The mRNA expression level measurement may be a measurement of the amount of mRNA as a process of confirming the presence and expression level of the DANCE gene mRNA in the stem cells in order to detect the proliferation ability of the stem cells. This can be measured by directly separating the mRNA or by using a primer or probe for the mRNA. Analysis methods for this are RT-PCR, competitive RT-PCR (competitive RT-PCR), real-time RT-PCR (RT-PCR), RNase protection assay (RNA), Northern blotting ), Using a nucleic acid microarray containing DNA or a combination thereof. RT-PCR is a method of analyzing RNA, and is a method of amplifying and analyzing cDNA obtained by reverse transcription of mRNA by PCR. In the amplification step of the RT-PCR, a primer pair specifically prepared for the gene is used, and after RT-PCR, electrophoresis is performed to check the band pattern and the thickness of the band, thereby confirming whether the gene has mRNA expression and expression level. And by comparing it with stem cells having an average proliferative capacity, that is, a control group, it is possible to easily determine the proliferative capacity of stem cells.

In this specification, the term "primer (primer)" is a nucleic acid sequence having a free 3-terminal hydroxyl group (free 3 'hydroxyl group) that can form a template and base pair complementary to a specific base sequence and template strand Refers to a nucleic acid sequence that acts as a starting point for copying. Primers can initiate DNA synthesis in the presence of four different nucleoside triphosphates and reagents for polymerization (ie, DNA polymerase or reverse transcriptase) at appropriate buffers and temperatures. For example, PCR amplification is performed using sense and antisense primers having 7 to 50 nucleotide sequences as specific primers for mRNA of the DANCE gene, and the proliferation ability of stem cells can be confirmed by measuring the production amount of the desired product. . PCR conditions, sense and antisense primer lengths can be appropriately selected according to techniques known in the art. The primer is 10 to 100, 15 to 100, 10 to 80, 10 to 50, 10 to 30, 10 to 20, 15 to 80, 15 to 50, 15 to 30, 15 to 20, 20 to 100, 20 to 80 , 20 to 50, or 20 to 30 nt.

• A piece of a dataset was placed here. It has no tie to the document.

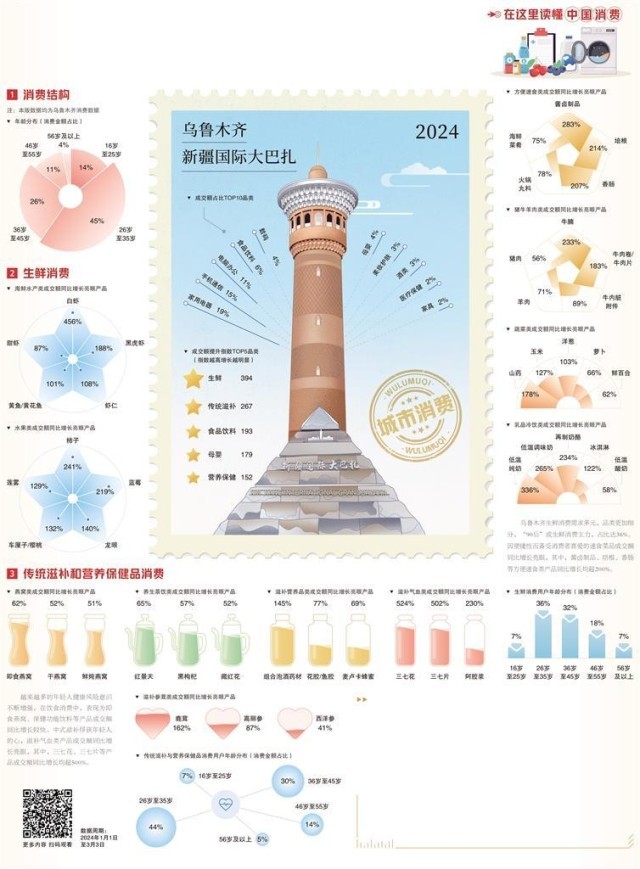 觀察、梳理和分析當?shù)叵M數(shù)據(jù),可以看出,烏魯木齊消費市場持續(xù)升溫,特別是春節(jié)期間,消費潛能得到充分釋放,呈現(xiàn)飲食消費升級等新趨勢。
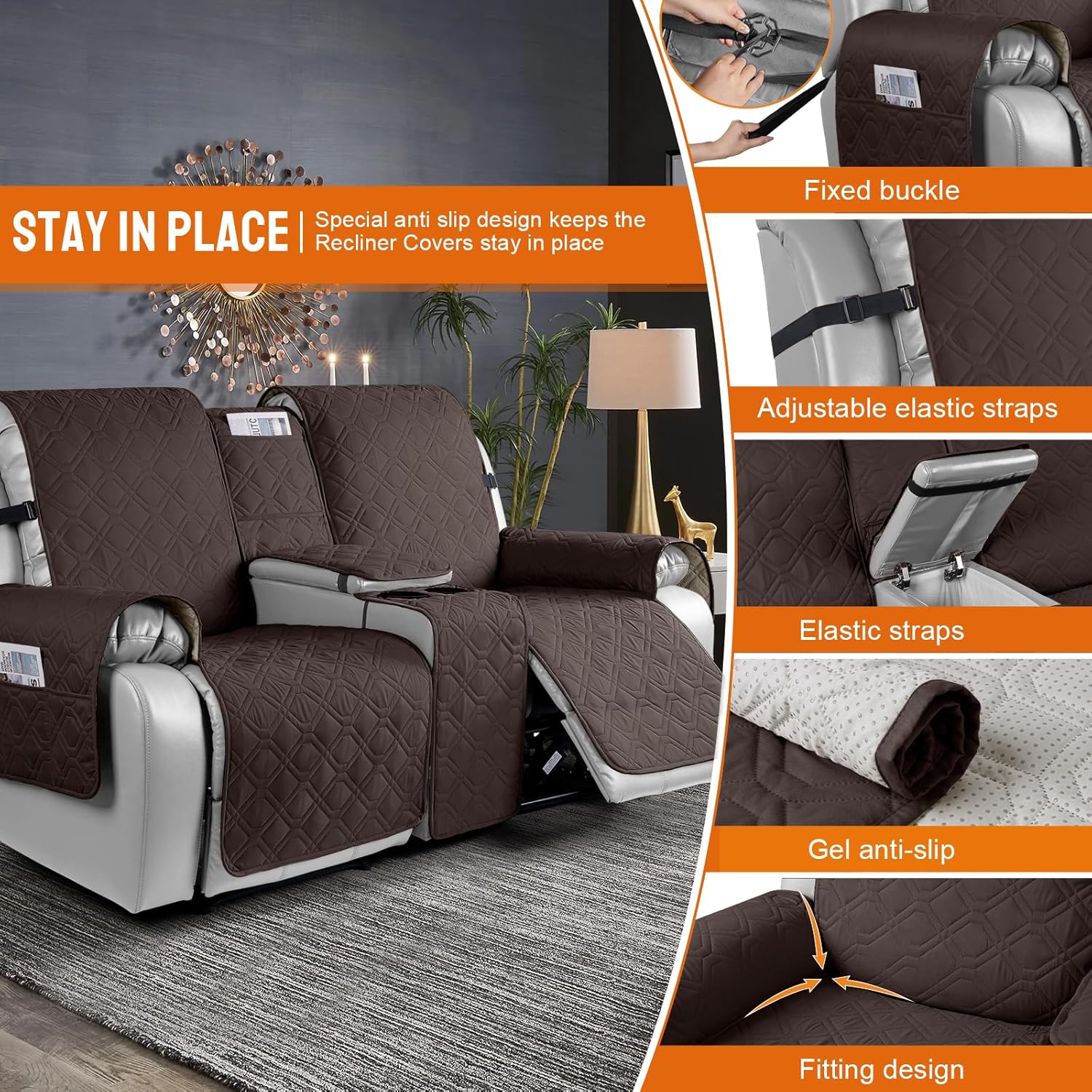 100% WATERPROOF DURABLE MATERIAL: VANSOFY loveseat recliner cover is made of 4 layers special fabric including 100% waterproof layer. Durable & strong enough for pets scratching, comfortable(No sweated) in all seasons for you and your pets

In the present specification, the term "probe (probe)" refers to a nucleic acid fragment such as RNA or DNA capable of specifically binding to a target nucleic acid, for example, mRNA, the presence or absence, content and expression of a specific mRNA It may be labeled for identification. The probe can be produced in the form of an oligonucleotide probe, a single stranded DNA probe, a double stranded DNA probe, or an RNA probe. For example, hybridization is performed using a probe having a nucleic acid sequence complementary to the mRNA of the DANCE gene, and the expression level of the mRNA is measured through the degree of hybridization, thereby confirming the proliferation ability of stem cells. The appropriate probe selection and hybridization conditions may be appropriately selected according to techniques known in the art. The probe is 10 to 100, 15 to 100, 10 to 80, 10 to 50, 10 to 30, 10 to 20, 15 to 80, 15 to 50, 15 to 30, 15 to 20, 20 to 100, 20 to 80 , 20 to 50, or 20 to 30 nt.

The protein expression level measurement may be a process of confirming the presence and degree of expression of the protein expressed from the DANCE gene in the stem cell in order to detect the proliferation ability of the stem cell. For example, the DANCE protein may be directly separated, or the DANCE protein may be identified using an antibody or a fragment thereof that specifically binds to the DANCE protein. Methods for this analysis include Western blotting, ELISA (enzyme linked immunosorbent assay), radioimmunoassay (RIA), radioimmunodiffusion, Ouchterlony immunodiffusion, and rocket immunoelectrophoresis. , Tissue immunostaining, immunoprecipitation assay, complement fixation assay, FACS, mass spectrometry, magnetic bead-antibody immunoprecipitation, protein chip, or combinations thereof. . For example, the ELISA is a direct ELISA using a labeled antibody recognizing an antigen attached to a solid support, an indirect ELISA using a labeled antibody recognizing a capture antibody in a complex of antibodies recognizing an antigen attached to the solid support, Direct sandwich ELISA using another labeled antibody that recognizes the antigen from the complex of the antibody attached to the solid support and the antigen, or after reacting with another antibody that recognizes the antigen from the complex of the antibody attached to the solid support and the antigen. And an indirect sandwich ELISA using a labeled secondary antibody that recognizes the antibody. In addition, after attaching the antibody to the solid support and reacting the sample, the labeled antibody that recognizes the antigen of the antigen-antibody complex is enzymatically colored or secondary labeled for the antibody that recognizes the antigen of the antigen-antibody complex. It can be detected by a sandwich ELISA method that enzymatically develops an antibody by attaching an antibody, and confirms the degree of complex formation of the protein and antibody, thereby confirming the proliferative capacity of mesenchymal stem cells.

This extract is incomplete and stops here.